◆ **What the task asks**: From the records below, find each line with the string "Pakistan" and copy it.

◆ **Material provided**:
⟨

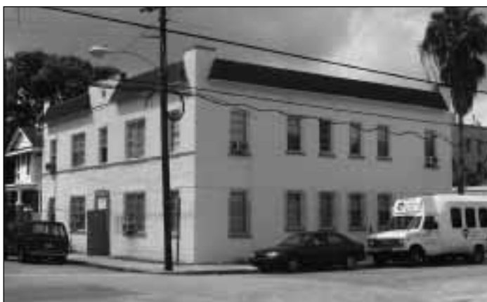
Camillus House, Lummus Park Historic District- Downtown Miami

Project: St. Jude will provide transitional housing for males out of foster care who are pursuing continuing education. Construction rehabilitation of an existing historic apartment building will provide eight – one bedroom/one bath units. Each unit will be fully renovated, furnished, and equipped with computers. The project is within walking distance to the Miami Dade Community College Downtown Campus and public transportation. A case manager will live
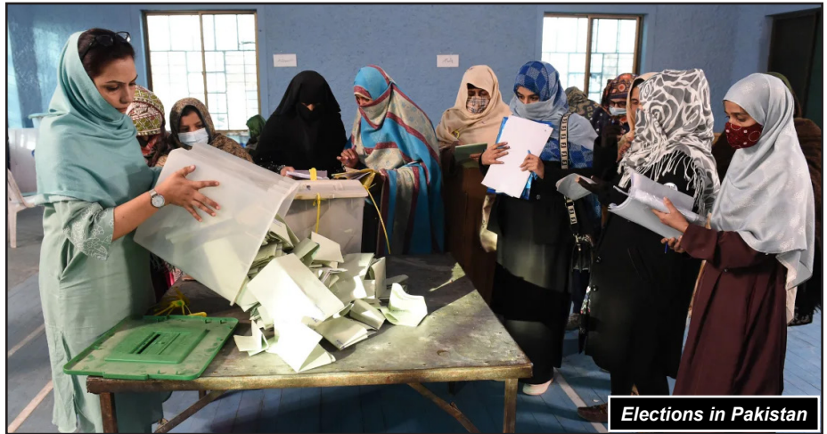
Elections in Pakistan

In August 2023, a military-controlled interim government was appointed to organise Pakistan's elections. In the same month, former PM Imran Khan of the Pakistan Movement for Justice, the PTI, was jailed on multiple charges of corruption to prevent his participation. He'd already been removed from power in 2022 after alleging that the military, together with Washington were plotting to overthrow him - which was probably true. In the run-up to February's election, PTI activists were
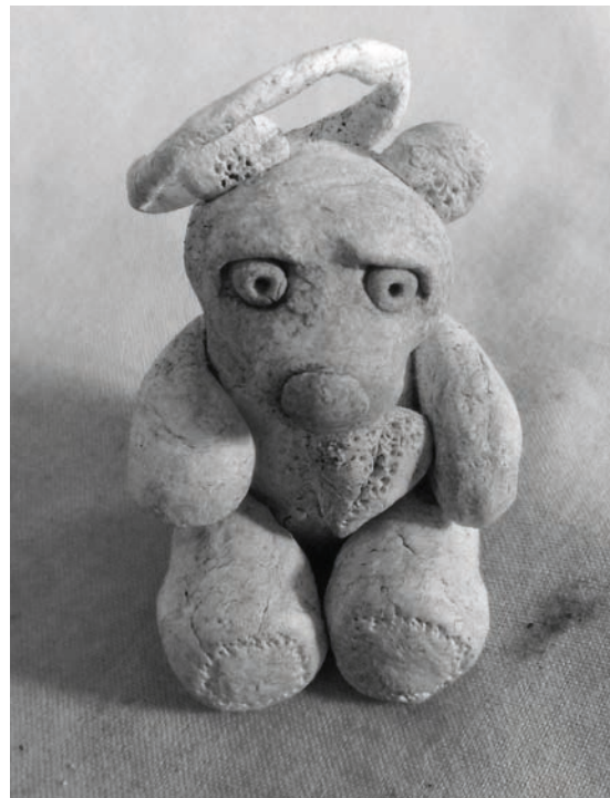
Figure 5 Shy-Sage

Notes: Paper clay and ash by Deborah Green, 2015a, p. 170.

⟩

◆ **Output below**:
Elections in Pakistan
In August 2023, a military-controlled interim government was appointed to organise Pakistan's elections. In the same month, former PM Imran Khan of the Pakistan Movement for Justice, the PTI, was jailed on multiple charges of corruption to prevent his participation. He'd already been removed from power in 2022 after alleging that the military, together with Washington were plotting to overthrow him - which was probably true. In the run-up to February's election, PTI activists were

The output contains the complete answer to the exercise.